Dataset →
============================================================

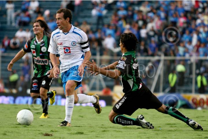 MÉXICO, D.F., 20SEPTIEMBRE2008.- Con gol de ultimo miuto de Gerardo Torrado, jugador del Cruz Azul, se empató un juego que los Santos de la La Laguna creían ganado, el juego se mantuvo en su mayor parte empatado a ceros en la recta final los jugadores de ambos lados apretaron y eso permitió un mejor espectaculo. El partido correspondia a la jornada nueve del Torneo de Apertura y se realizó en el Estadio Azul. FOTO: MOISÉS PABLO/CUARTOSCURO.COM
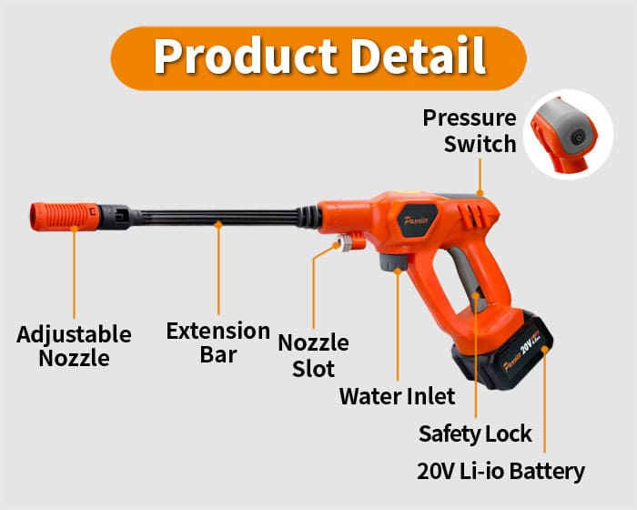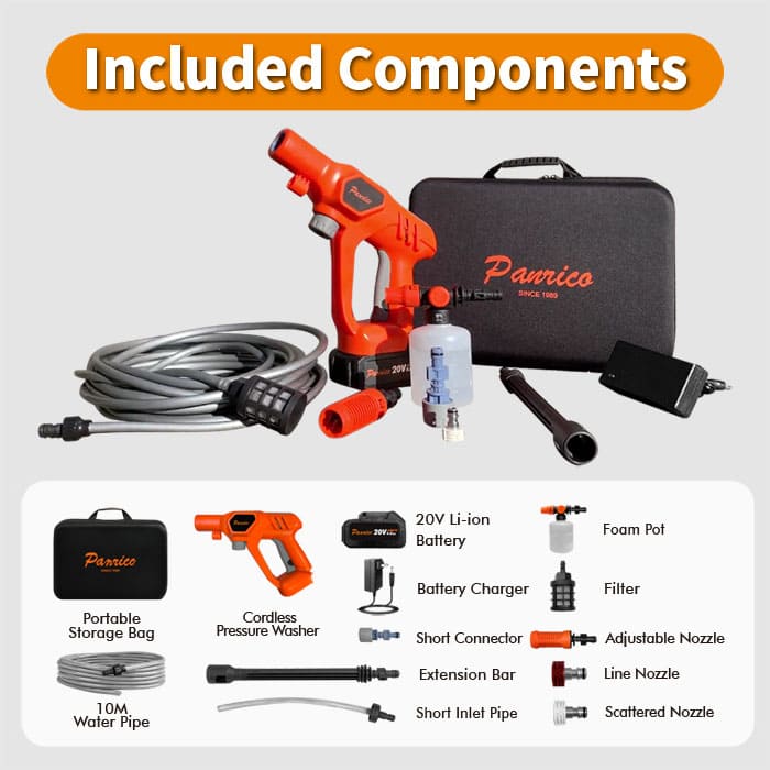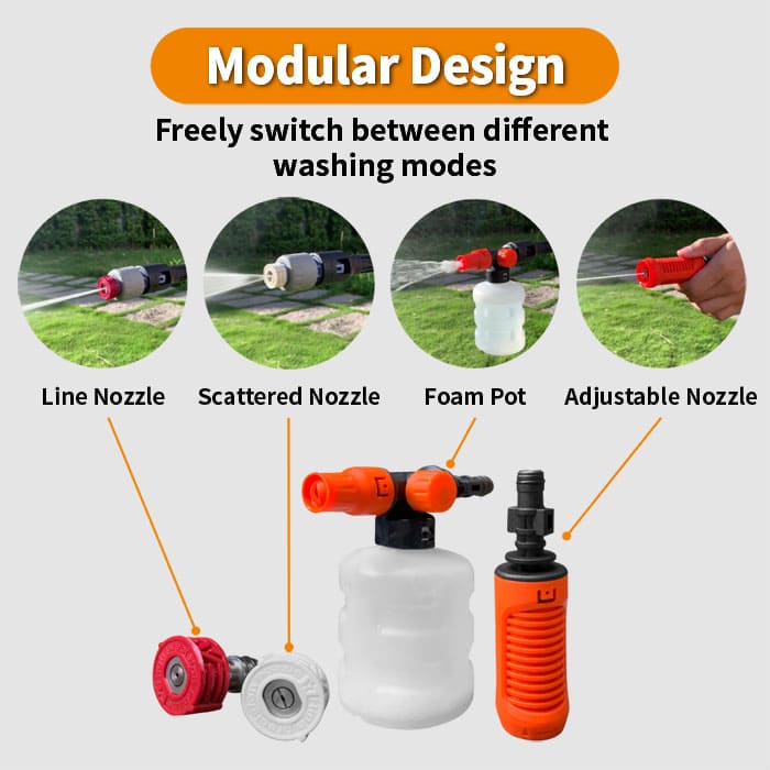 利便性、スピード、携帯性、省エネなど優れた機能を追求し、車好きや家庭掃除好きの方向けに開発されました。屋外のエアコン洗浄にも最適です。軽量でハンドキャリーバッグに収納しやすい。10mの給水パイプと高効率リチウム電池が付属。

============================================================

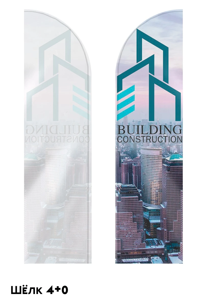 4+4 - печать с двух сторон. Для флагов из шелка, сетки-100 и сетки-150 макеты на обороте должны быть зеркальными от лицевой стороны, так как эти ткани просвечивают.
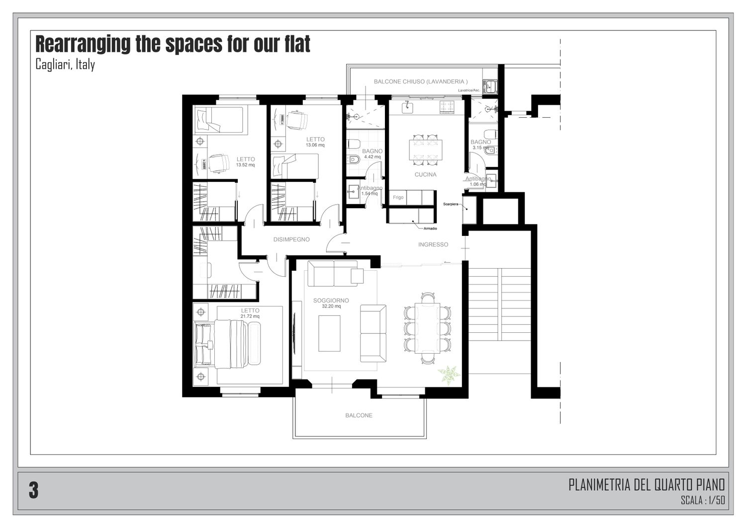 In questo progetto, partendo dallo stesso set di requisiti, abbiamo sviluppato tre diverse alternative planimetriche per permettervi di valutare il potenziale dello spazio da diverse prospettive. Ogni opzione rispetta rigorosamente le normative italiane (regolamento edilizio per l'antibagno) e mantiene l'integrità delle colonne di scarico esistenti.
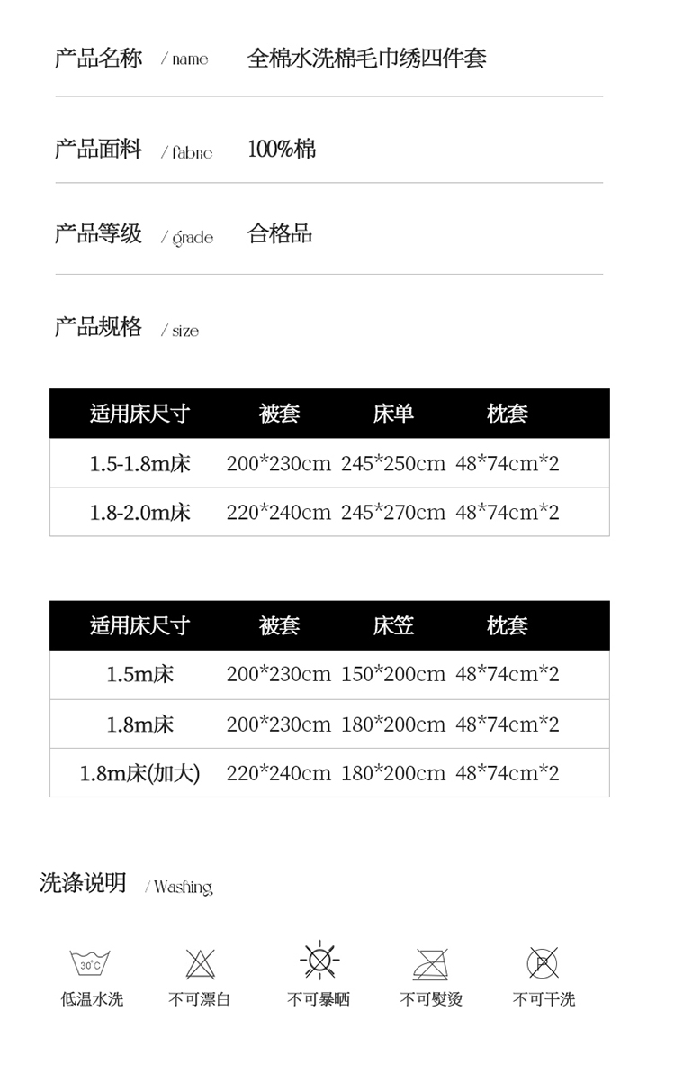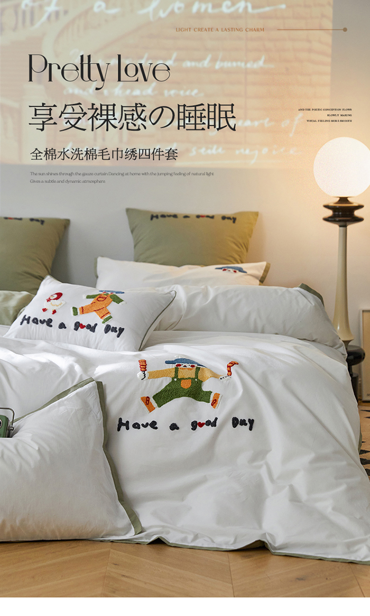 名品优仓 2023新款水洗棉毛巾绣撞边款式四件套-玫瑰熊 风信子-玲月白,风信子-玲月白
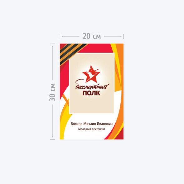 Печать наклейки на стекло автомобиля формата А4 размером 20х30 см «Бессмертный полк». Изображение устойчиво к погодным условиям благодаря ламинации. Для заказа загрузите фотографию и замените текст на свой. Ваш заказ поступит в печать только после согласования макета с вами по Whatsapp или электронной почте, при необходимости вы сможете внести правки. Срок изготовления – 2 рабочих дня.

============================================================

Activity →
Write out exactly the lines above between the one with "MÉXICO, D.F., 20SEPTIEMBRE2008.- Con" and the one with "利便性、スピード、携帯性、省", inclusive, with pictures left out.

Answer →
 MÉXICO, D.F., 20SEPTIEMBRE2008.- Con gol de ultimo miuto de Gerardo Torrado, jugador del Cruz Azul, se empató un juego que los Santos de la La Laguna creían ganado, el juego se mantuvo en su mayor parte empatado a ceros en la recta final los jugadores de ambos lados apretaron y eso permitió un mejor espectaculo. El partido correspondia a la jornada nueve del Torneo de Apertura y se realizó en el Estadio Azul. FOTO: MOISÉS PABLO/CUARTOSCURO.COM
 利便性、スピード、携帯性、省エネなど優れた機能を追求し、車好きや家庭掃除好きの方向けに開発されました。屋外のエアコン洗浄にも最適です。軽量でハンドキャリーバッグに収納しやすい。10mの給水パイプと高効率リチウム電池が付属。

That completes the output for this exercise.